Also, even a strong economy like Germany has its economic voice much amplified by negotiating on the world stage as a member of the EU trade bloc. As Fizz noted, a unified 447M+ market handily beats a national market.

The Greek debt crisis is also less black and white than seems at first glance. While there were no doubt calls to noble ideals like European unity motivating assistance, it is also true that both German and French bankers had hefty exposures to risky loans to Greece.

So, rather than just the French and German taxpayers bailing out Greece out of kindness you could also say that French and German banks roped European taxpayers in general to rescue them for their unduly greedy and risk-unaware lending decisions (Greek government bonds at some point had only 0.25% extra interest compared to German debt).

The bailout was also driven not just by Greece being an EU country, but an Euro-using one. There was concern on the impact on the Euro which would have hurt the France and Germany.
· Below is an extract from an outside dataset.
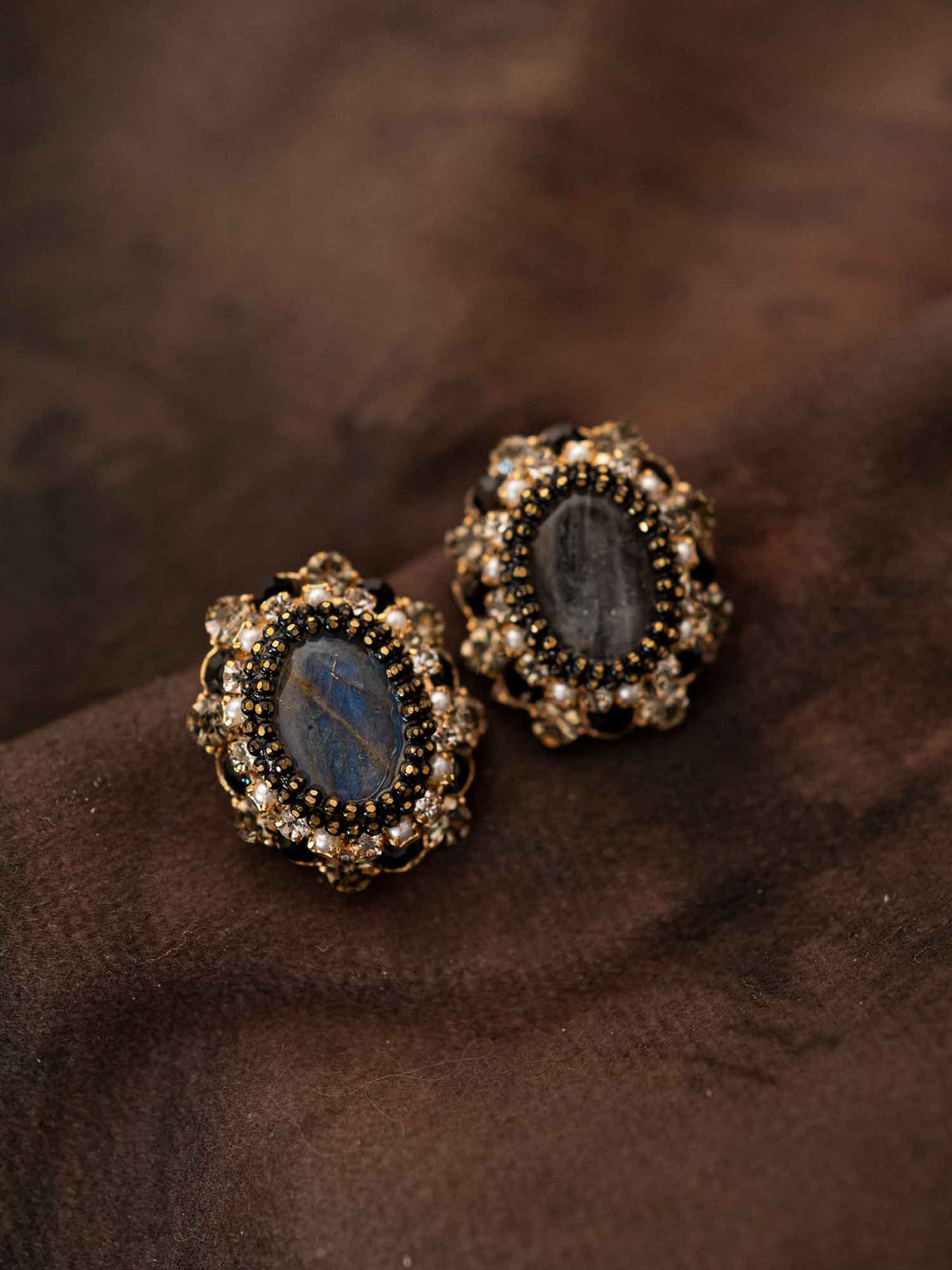 A delicate homage to vintage glamour, the Tasha earrings feature a smoky oval gem embraced by intricate antique-gold beading and shimmering stones. Their rich texture and muted tones evoke a quiet elegance, perfect for adding depth and dimension to your evening ensemble.

For Germany and more so France, using an EU-wide currency has certain advantages on the world stage over a national currency.

But, yes, there ought to be a little more pushback against fixing problems that member states deliberately get themselves into. Countries like the Netherlands, and previously the UK, are usually more vocal in putting dampers on picking up tabs. Germany sometimes feels guilty about doing so out of historical reasons, something Greek politicians made no bones about exploiting when criticizing Germany.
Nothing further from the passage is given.